ST. LOUIS — A proposed state ballot measure to restrict embryonic stem cell research is flawed because its definition of “human” would exclude people with common genetic abnormalities like Down syndrome, critics said Monday.
The group proposing the ballot measure, Cures Without Cloning, said late Monday afternoon it will revise the language.
Cures Without Cloning proposed the measure last week, seeking to ban a controversial research method that uses human embryos. The ballot language says human life begins when an egg receives “a complete set of forty-six chromosomes and continues through any subsequent stages of embryonic, fetal, postnatal and later development.”
Opponents of the measure say Missourians with conditions like Down, Turner or Klinefelter syndromes, with 45 or 47 chromosomes, depending on the condition, are left out of the definition.
“If you’re one of the thousands of Missourians with a chromosomal abnormality, this amendment defines you as not being human,” said Sessions Cole, vice chair of pediatrics at St. Louis Children’s Hospital, who is a supporter of stem cell research.
He was among opponents of the proposed ballot measure who spoke at an afternoon news conference about the language concern in St. Louis.
Curt Mercadante, spokesman for Cures Without Cloning said, “I guess my short and quick response is, ‘Are they serious?’”
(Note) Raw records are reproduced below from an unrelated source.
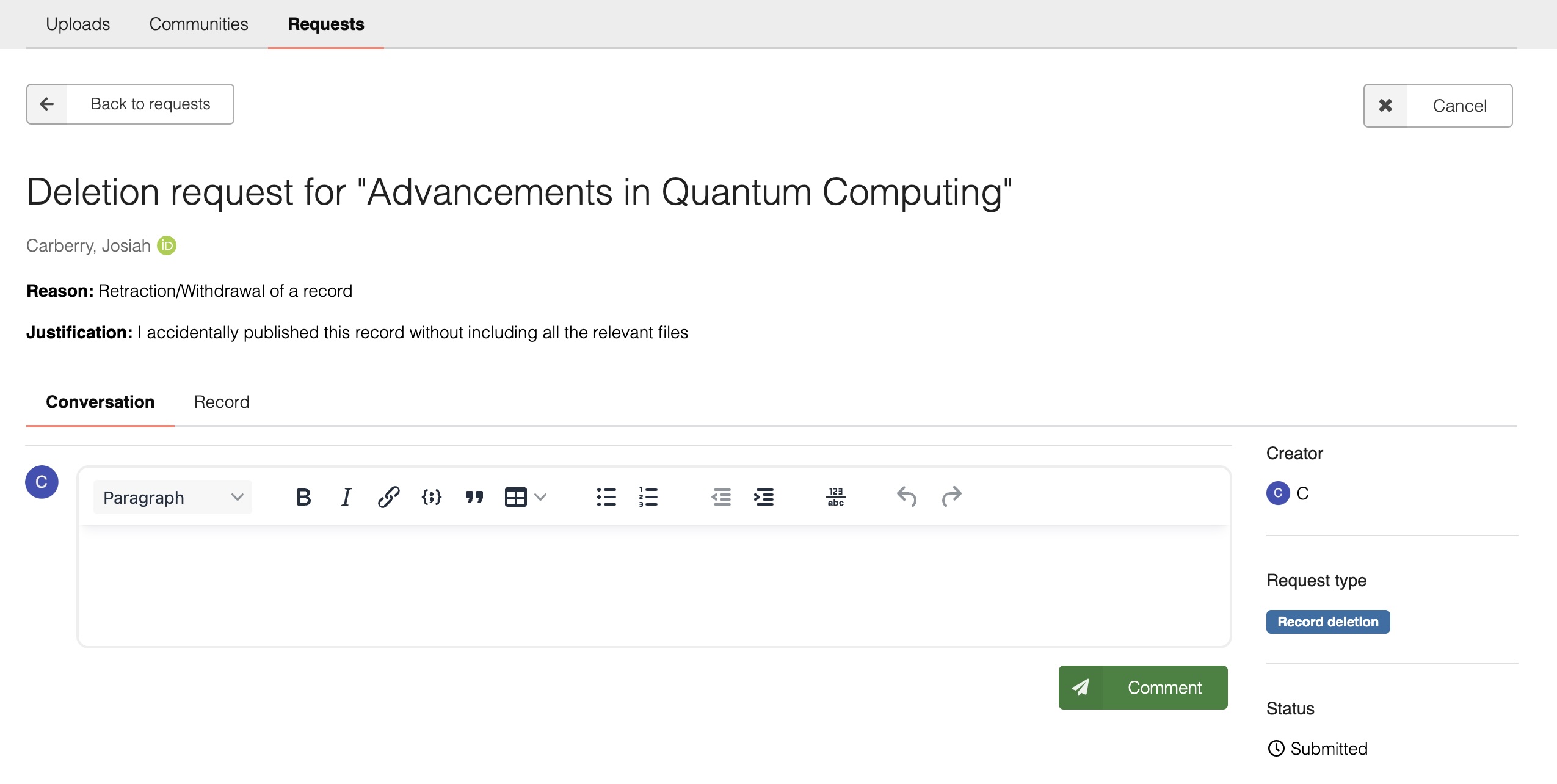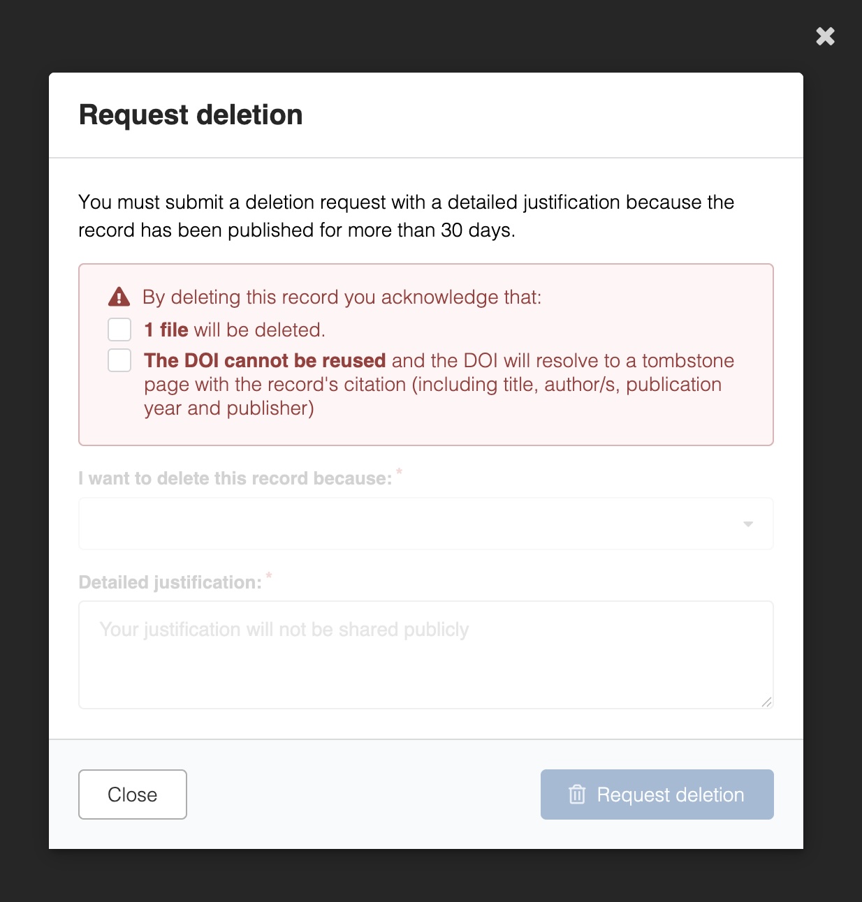 In the modal that appears, acknowledge that the record will be deleted, select the removal reason and provide a detailed justification. Finally press the Request deletion button on the bottom right.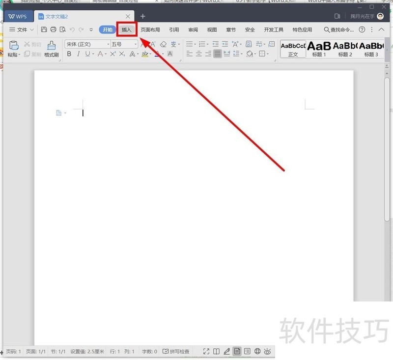 1、 打开要合并文档的目标文档(或者新建一个文档)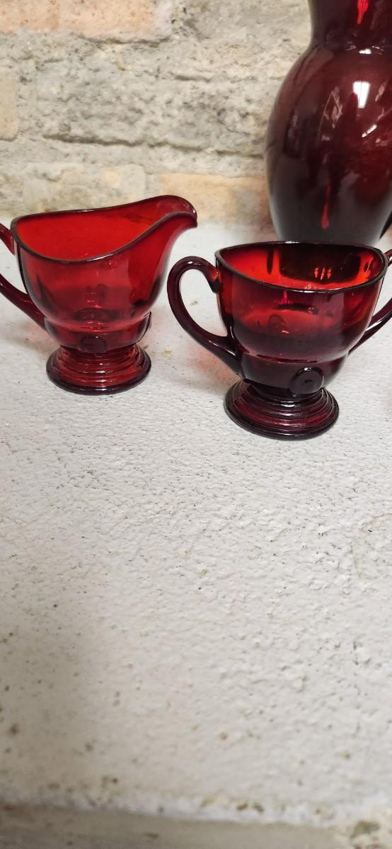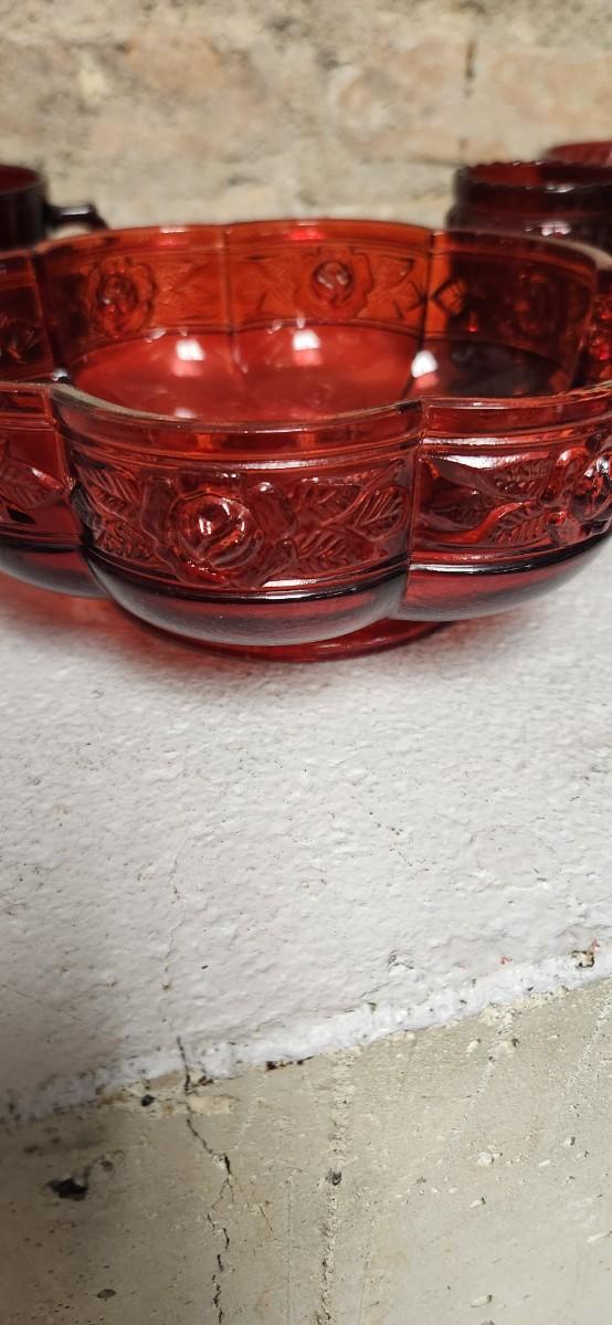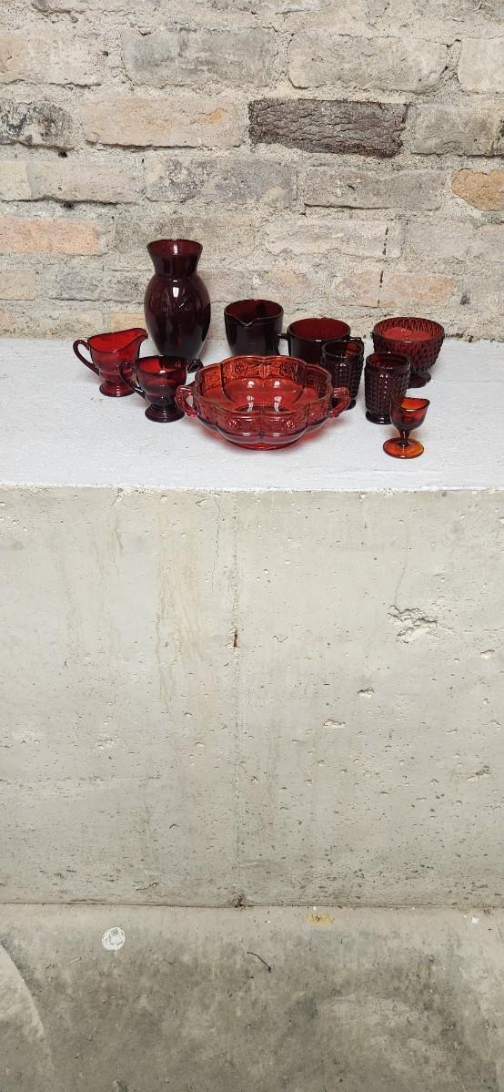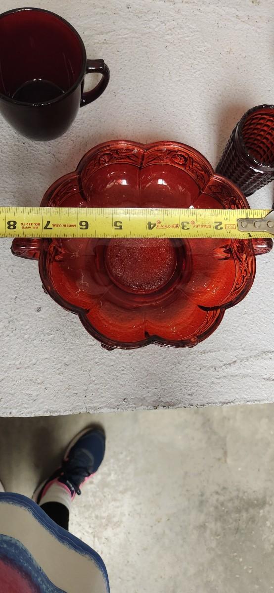 Misc lot of red glass...the scallop, handled bowl is flashed color. The rest are red glass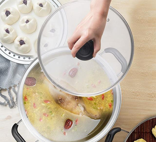 下面的鍋體采用了直角鍋身的設(shè)計,時尚的造型又增添了新的功能,鍋壁質(zhì)感厚重,可以用來煮火鍋,家庭聚會就用這個鍋來吃火鍋真的特別的方便,而且304不銹鋼的材質(zhì),抗腐蝕,清洗起來也特別的容易。對于廚房空間不大的家庭,這款蒸鍋可疊放的設(shè)計也更加節(jié)省的收納空間,各個方面的設(shè)計真的太棒了。

He called the concern a political smoke screen, but said the Cures Without Cloning group didn’t want Missourians to be distracted by it.
“We’re going to go back and strengthen our amendment and revise our language,” he said.
Donn Rubin, chairman of the Missouri Coalition for Lifesaving Cures, said opponents are just beginning to analyze other problems with the language, but he called this one “shocking and egregious.”
“We can already see that this is a deceptively written proposal, and its impact is unknown,” he said.
Mercadante said supporters of embryonic stem cell research are masking the fact that they support the same method that resulted in a cloned animal, Dolly the Sheep. Embryonic stem cell supporters have said the law is clear that human cloning is illegal, and additional wording isn’t necessary.
The proposed ballot measure pushed by Cures Without Cloning attempts to reverse a key portion of last year’s stem cell amendment by creating a new definition for banned human cloning activities.
The group, and others supporting the measure, want to collect at least 200,000 signatures to get the measure put on the ballot.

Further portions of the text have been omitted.